Independence Day and Patriotism

Yesterday the nation of Papua New Guinea celebrated 37 years of Independence. Small town existance means that if you waited till a few days before Independence Day to be looking for a flag/decorations or Independence Day t-shirts and assorted garb, you would be too late. The few stores that sold patriotic related memorabillia rapidly sold out. I spent the last two days before the weekend looking for a large flag to fly outside my house inbetween work however to no avail. I had to settle for a string of small flags to adorn the balcony. Happily though I had the bright spark notion to buy Independance related ballons on my last trip to the big smoke and when tied with streamers actually brightened the balcony even more.

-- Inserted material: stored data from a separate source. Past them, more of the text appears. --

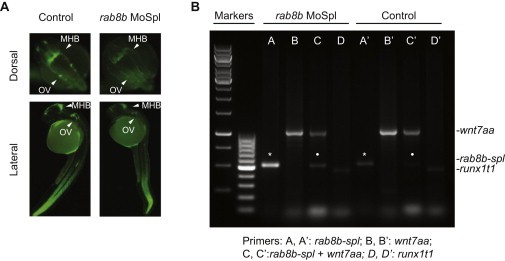 (B) RT-PCR analysis of zebrafish embryos (at 30hpf) injected with rab8b MoSpl revealed higher levels of unspliced rab8b transcript, while the amount of control transcripts, wnt7aa and runx1t1, remained unchanged.
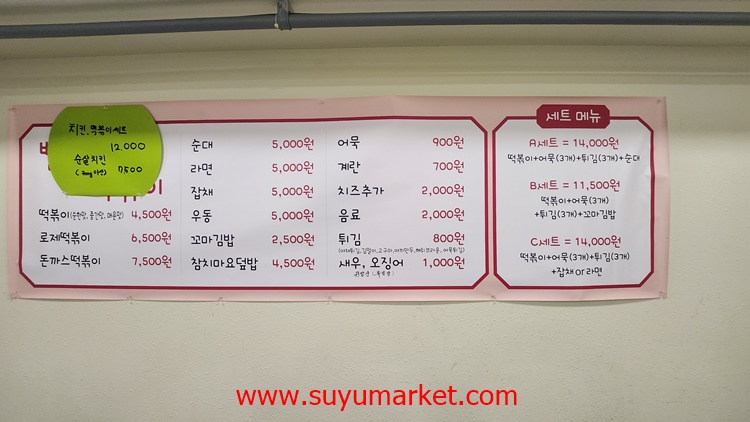 '수제튀김전문점'을 서브타이틀로 하고, 떡볶기, 오뎅, 순대, 꼬마깁밥, 잡채를 판매하고 있었고, 점포 디자인도 심플하면서 빨간색으로 강조하여서 산듯한 느낌의 신세대가 좋아할 것 같은 떡볶기집이이었습니다.
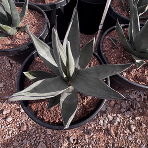 Agave Shark Skin forms a dense, symmetrical rosette of thick, broad leaves with a rugged, matte finish that resembles shark skin. Its rich blue-gray coloration creates bold contrast against gravel, stone, concrete, and desert plantings.
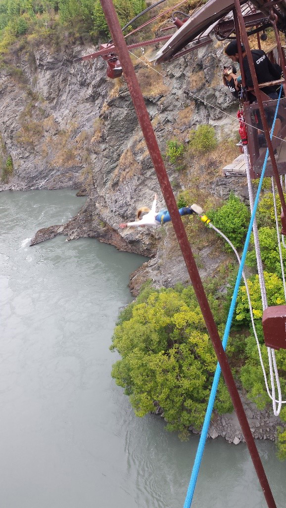 For Darla’s sake, we also stopped at a place along a river where she could do some bungy jumping. Although she is the adventurous type, she declined this time. It was too cold, and she didn’t want to get her hair wet. So we were content to watch others do it.

Independence Day celebrations in many towns and cities includes a march by members of the armed forces, schools, organisations and the public to a gathering point (field/stadium/etc) followed by a flag raising ceremony, the national anthem and saying of the national pledge. The ceremonies usually start early so that the flag raising ceremony would begin around 8 to 9 am. Small town etiquette means that the starting time is highly negotiable especially if at 8am in the morning it is pouring heavy rain. A nice touch was the organisers driving around with a loud hailer in the rain to announce the march would start around 11am.

Before the march started, I decided to take a stroll around the town with relations (kitted out in Independence and nationalism related attire of course) and random people walking on the beach and the streets stopped to smile and wish me Happy Independence day. I think a small town allows for people to be relaxed enough to share their joy with strangers at such an occasion which may be lost in a much more populous area. One thing that is the same as most larger centres though is that when you walk into most shops, the employees are dressed either in national colours or traditional outfits for the day.

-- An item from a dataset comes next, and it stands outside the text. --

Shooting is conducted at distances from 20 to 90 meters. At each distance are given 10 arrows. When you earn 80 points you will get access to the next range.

After a quick spin around town, we headed back to a section of the beach where school children lined up, all dressed in full uniforms with their banners all waiting for the march to start. I spent the time taking random photos of each school and the others who were there. Sometimes people ask why I take photos of events, whether it is for a memory and I say it is. I want to have some record of public events that later down the track someone else can look at and know what Papua New Guinea for the average person was like in 2012. I look back at old photos on file about past Independence day celebrations and the best ones that speak volumes about the occasion were taken from the average individuals camera. Granted the photographs taken by professionals are a great account of the events , but my favourite photos are still of random individuals smiling, waving the national flag. The joy in their eyes speaks volumes.
Marchers lined along the beach

Vanimo Primary School Banner

Holy Cross Primary School
Marchers lined along the beach

Armed forces leading the march
Dapu Primary School Banner
Don Bosco Secondary School

Flag raising ceremony

I ended the day sitting on a deck chair on a best friend's balcony full of good food and wine, listening to sounds of rapturous singing in the distance and the waves breaking, reminiscing about the past year for the nation, about new beginnings and being entirely happy. I also thought about how, eventhough the parental units were in another city, I was happy to be surrounded by friends who shared this pride I have for my nation. This year the Jewish new year (Rosh Hashanah) also fell on the night of Independence day, a double blessing in my books. So Happy Independence day Papua New Guinea and L'shanah tovah!